The Value of SMS One-Time Passcodes and Why They Shouldn’t be Banned

German banks are reportedly moving away from SMS one-time passcodes.

Let me first say that I’m not a big fan of SMS-based one-time passcodes (OTP) . SIM swapping is a real threat and we’ve seen successful SIM swap attacks before. However, banning or dropping SMS-based techniques as a result of those successful attacks is exactly what’s wrong with authentication and authorization today.

The fact that some banks relied on SMS as a binary authentication factor (i.e. with each transaction and not based on risk) is alarming to begin with, but the fact that they’ve now decided to drop SMS OTP altogether is just as alarming.

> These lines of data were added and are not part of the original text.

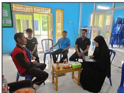
Gambar 2. Tahap Pendekatan Mitra

Pada tahap ini tim pengabdian melakukan survei lokasi dan pendekatan terhadap mitra. Pada tahap ini tim pengabdian masyarakat juga melakukan observasi dan wawancara untuk mengidentifikasi situasi mitra dan permasalahan yang dihadapi mitra. Pada Gambar 2 merupakan dokumentasi pada saat wawancara dengan Sebagian pengurus kelompok tani dan dilaksanakan di Kantor Balai Desa Pejengkolan tanggal 19 Maret 2024.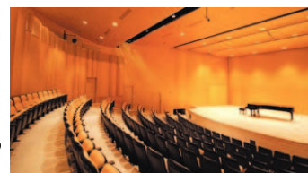
Conservatoire de musique et d'art dramatique de Montréal

«Nous n'avons pas commencé à la hâte l'an dernier parce que c'est devenu très actuel. Nous avons développé une expertise depuis longtemps», indique M. Topouzanov .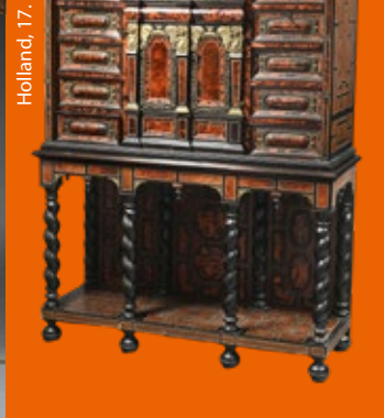
Holland, 17. Jh.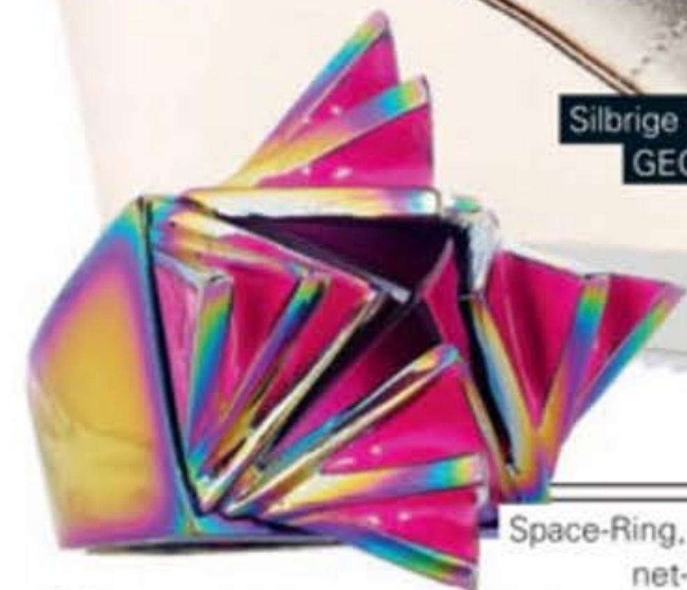
Space-Ring, EDDIE BORGIO über net-a-porter.com, ca. 465 Euro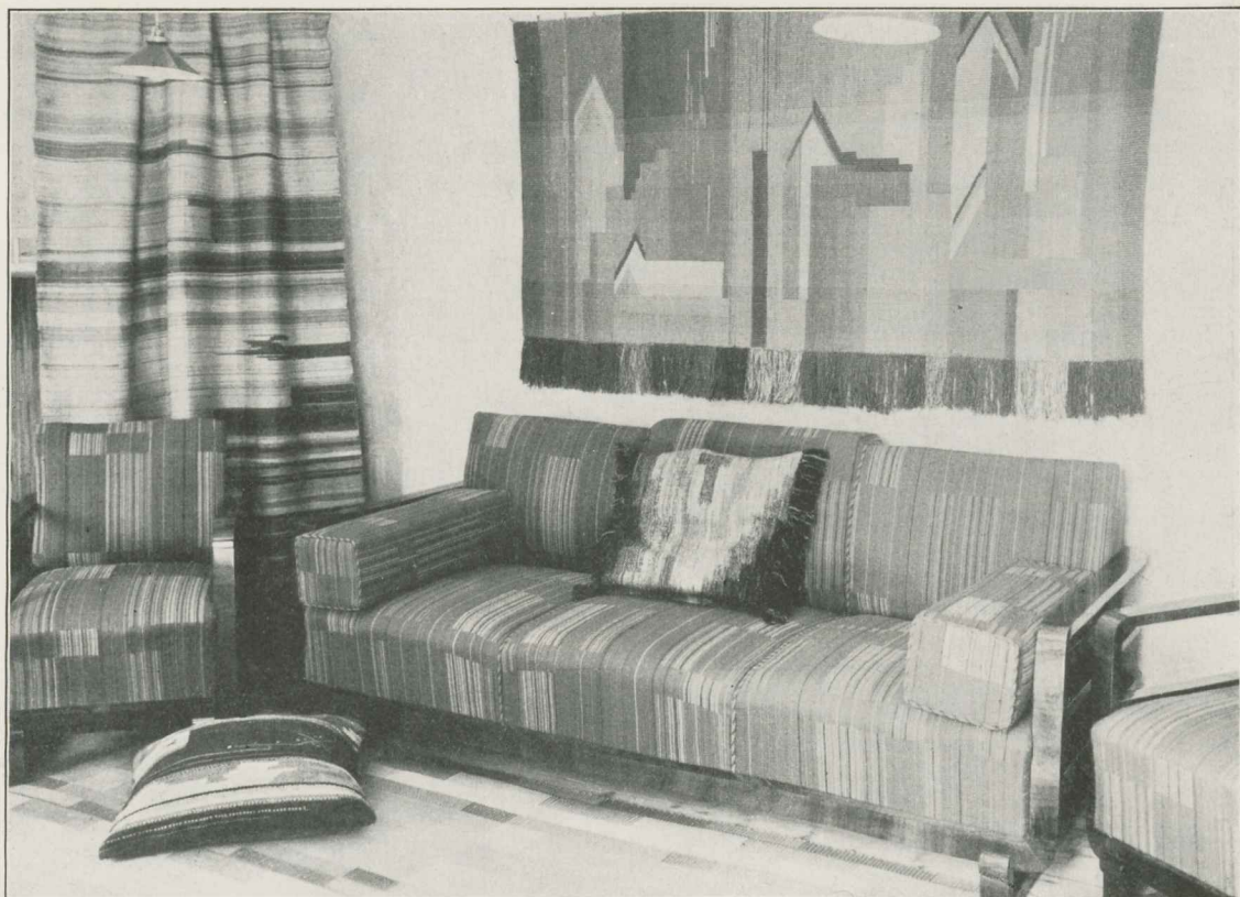
Tallinna Linna Naiskutsekooli õpilastööde näitus 1934. a. kevadel. — Osaline kogu kudumistöödest.

Organizations are always looking for a silver bullet that can give them a binary “strong” authentication result. Well, there isn’t one and anyone who’s selling this dream is, well … dreaming. Those who put their faith in mobile or biometrics are in for unpleasant surprises.

There isn’t a silver bullet.

The right approach is building trust in the user’s identity and devices over time using multiple approaches and based on thorough risk analysis (Continuous Adaptive Risk and Trust Assessment). SMS is one of the approaches that can be used at the right time and based on risk. Used in conjunction with multiple other techniques over time will produce some great results.

Remove SMS and you have one less indicator to rely on when building trust. The entire approach to authentication and authorization has to change if we really care about our users’ identities as opposed to just “complying” with various regulations. Complying is important, but the way you comply makes all the difference.